Furthermore, you reason, a new lanternfish would surely need slightly longer before it's capable of producing more lanternfish: two more days for its first cycle.

So, suppose you have a lanternfish with an internal timer value of `3`:

• After one day, its internal timer would become `2`.
• After another day, its internal timer would become `1`.
• After another day, its internal timer would become `0`.
• After another day, its internal timer would reset to `6`, and it would create a new lanternfish with an internal timer of `8`.
• After another day, the first lanternfish would have an internal timer of `5`, and the second lanternfish would have an internal timer of `7`.

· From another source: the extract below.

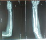 手法正骨前 余**,女,55岁, 患者不慎摔倒损伤右手,后经拍片示:右桡骨粉碎性骨折伴右桡尺关节半脱位,医院建议手术治疗,患者不想手术,想中医保守冶疗,后经朋友介绍来诊,经本门诊特色手法整骨及夹板固定,再次拍片示,骨折对位对线良好已达98%以上。 手法正骨后[详情]

A lanternfish that creates a new fish resets its timer to `6`, not `7` (because `0` is included as a valid timer value). The new lanternfish starts with an internal timer of `8` and does not start counting down until the next day.

Realizing what you're trying to do, the submarine automatically produces a list of the ages of several hundred nearby lanternfish (your puzzle input). For example, suppose you were given the following list:

``````3,4,3,1,2
``````

This list means that the first fish has an internal timer of `3`, the second fish has an internal timer of `4`, and so on until the fifth fish, which has an internal timer of `2`. Simulating these fish over several days would proceed as follows:

``````Initial state: 3,4,3,1,2
After  1 day:  2,3,2,0,1
After  2 days: 1,2,1,6,0,8
After  3 days: 0,1,0,5,6,7,8
After  4 days: 6,0,6,4,5,6,7,8,8
After  5 days: 5,6,5,3,4,5,6,7,7,8
After  6 days: 4,5,4,2,3,4,5,6,6,7
After  7 days: 3,4,3,1,2,3,4,5,5,6
After  8 days: 2,3,2,0,1,2,3,4,4,5
After  9 days: 1,2,1,6,0,1,2,3,3,4,8
After 10 days: 0,1,0,5,6,0,1,2,2,3,7,8
After 11 days: 6,0,6,4,5,6,0,1,1,2,6,7,8,8,8
After 12 days: 5,6,5,3,4,5,6,0,0,1,5,6,7,7,7,8,8
After 13 days: 4,5,4,2,3,4,5,6,6,0,4,5,6,6,6,7,7,8,8
After 14 days: 3,4,3,1,2,3,4,5,5,6,3,4,5,5,5,6,6,7,7,8
After 15 days: 2,3,2,0,1,2,3,4,4,5,2,3,4,4,4,5,5,6,6,7
After 16 days: 1,2,1,6,0,1,2,3,3,4,1,2,3,3,3,4,4,5,5,6,8
After 17 days: 0,1,0,5,6,0,1,2,2,3,0,1,2,2,2,3,3,4,4,5,7,8
After 18 days: 6,0,6,4,5,6,0,1,1,2,6,0,1,1,1,2,2,3,3,4,6,7,8,8,8,8
``````

Each day, a `0` becomes a `6` and adds a new `8` to the end of the list, while each other number decreases by `1` if it was present at the start of the day.

In this example, after 18 days, there are a total of `26` fish. After 80 days, there would be a total of `5934`.

Find a way to simulate lanternfish. How many lanternfish would there be after 80 days?

# Part Two

Suppose the lanternfish live forever and have unlimited food and space. Would they take over the entire ocean?

After 256 days in the example above, there would be a total of `26984457539` lanternfish!

How many lanternfish would there be after 256 days?